# Best set-up for a steelhead beginner



## tracksonly (Nov 9, 2005)

Hi all,
I'd like to start fishing the Ausable river, but I don't know a good starting point. I'm interested in either fly fishing or conventional rod-reel fishing. I know it's a pretty general question, but any help would be greatly appreciated.

Thanks
Joe


----------



## skipper34 (Oct 13, 2005)

I started fishing for steelhead 40 years ago using Mepps spinners, size 3 or 4. 7 foot medium-lite spinning rod and reel with a good drag, 12-14 # line. Silver plated, not nickel, spinner blade with flourescent green, hot pink, or chartreause tape on the back of the blade. Toss them upstream and across and retrieve close to cover near the river bottom. Hang on!


----------



## ausable_steelhead (Sep 30, 2002)

Want a good starting point? Just go up there, park at one of the accesses, and start walking around. You'll see other guys in some holes, note if they're fighting a fish, or have fish on ropes. Or just note what/where they're fishing. A good starting rig would be a 9-10' med rod, with a med-sized spinning reel, with a good drag, 6lb line, and a drift-rig. Dime-sized spawnbags and corkies w/waxworms will get you through most situations, as well as hardware, mentioned above.


----------



## Fishslayer5789 (Mar 1, 2007)

I have yet to see someone nowadays get a steelhead with 12-14 lb line and a 7 ft rod. Maybe flourocarbon if you get incredibly lucky but I use a 10ft medium action rod and my mainline consists of 8lb Trilene XL and my leader line is 6 lb P-line flourocarbon.


----------



## skipper34 (Oct 13, 2005)

Fishslayer5789 said:


> I have yet to see someone nowadays get a steelhead with 12-14 lb line and a 7 ft rod. Maybe flourocarbon if you get incredibly lucky but I use a 10ft medium action rod and my mainline consists of 8lb Trilene XL and my leader line is 6 lb P-line flourocarbon.

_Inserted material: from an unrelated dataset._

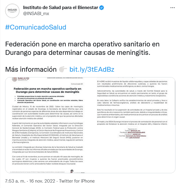 La meningitis aséptica es una enfermedad que ha tenido en alerta a los servicios de salud del estado de Durango, donde se han registrado múltiples casos que estaban bajo vigilancia y tratamiento médico. Pero, ¿qué es?De acuerdo con el Manual de Merck de Estados Unidos, el nombre de meningitis viral se utiliza como sinónimo de meningitis aséptica, aunque el segundo se refiere a la meningitis aguda que es ocasionada por algo diferente a las bacterias que causan la meningitis bacteriana.La meningitis aséptica puede ser provocada por virus, trastornos no infecciosos (por el uso de fármacos u otras enfermedades, por ejemplo), hongos, y otros organismos.El Western New York Urology Associates indica que la meningitis se caracteriza por la inflamación del recubrimiento del cerebro (llamado meninges). La meningitis aséptica se presenta cuando hay signos de meningitis, sin embargo, cuando se toma una muestra de líquido cefalorraquídeo, las bacterias no crecen.Este padecimiento a menudo tiene tratamiento, y en muchos casos, la recuperación es de siete a 10 días.Entre los síntomas que se presentan se encuentran dolor de cabeza, fiebre y escalofríos, cuello rígido, sarpullido, sensibilidad a la luz, náuseas y vómitos; no obstante, al ser síntomas de otras enfermedades recomiendan visitar a un médico por cualquier cosa.El Instituto de Salud para el Bienestar (Insabi) informó a través de su cuenta de Twitter que derivado de la situación en Durango, la Federación pone en marcha operativo sanitario en esa entidad para determinar las causas de meningitis.Indica que según el corte al 14 de noviembre, se encuentran en estudio 49 casos de meningitis, de los cuales 47 son mujeres a quienes les fueron practicados procedimientos quirúrgicos obstétricos; y dos varones con antecedente de cirugía. Todos los casos en protocolo tienen como antecedente haber recibido bloqueo neuroaxial.Hasta el momento se han reportado seis decesos. Actualmente, se encuentran 10 pacientes en terapia intensiva; siete atendidos en el Hospital General 450 de la Secretaría de Salud estatal y tres en el Hospital General de Zona No. 1 del IMSS, con pronóstico reservado.OF

That's because very few fishermen nowdays fish with spinners on a 7 ft. rod with 12-14 lb. line. Steelhead are not line shy when using hardware. I can attest to this from the few hundred or so steel I've taken over the last 40 years using this set-up.


----------



## ausable_steelhead (Sep 30, 2002)

I agree with Skipper on the heavier line when throwing hardware, most guys who have never thrown it do not know how hard a river steelhead blasts a spinner or spoon or quartered-plug, they hit to kill. And on a river like the Au Sable, which is absolutely FULL of wood, it's handy on really puttin' the screws to a fish, and hardware seems to attract larger then average fish, especially big males. I've got 8lb on my casting rod right now, and am confident in it. But I'll be putting on a bit heavier line here shortly, as that reel is due for a change.


----------



## skipper34 (Oct 13, 2005)

It's not a matter of landing or playing the fish, but more so the fact that with the heavier line, the lure is easier to pull off the snags. Like was mentioned, steel are not line shy with hardware. When throwing spinners that retail for close to $3 each, it's nice to be able to get em' back now and then. I make my own for a fraction of that, but for the guys starting out, this is my best advice for hooking steelhead without going through the arduous task of learning how to drift bait or flies.


----------



## tracksonly (Nov 9, 2005)

Thanks for everyone's help. One quick question...Do I need a leader line?


----------



## skipper34 (Oct 13, 2005)

tracksonly said:


> Thanks for everyone's help. One quick question...Do I need a leader line?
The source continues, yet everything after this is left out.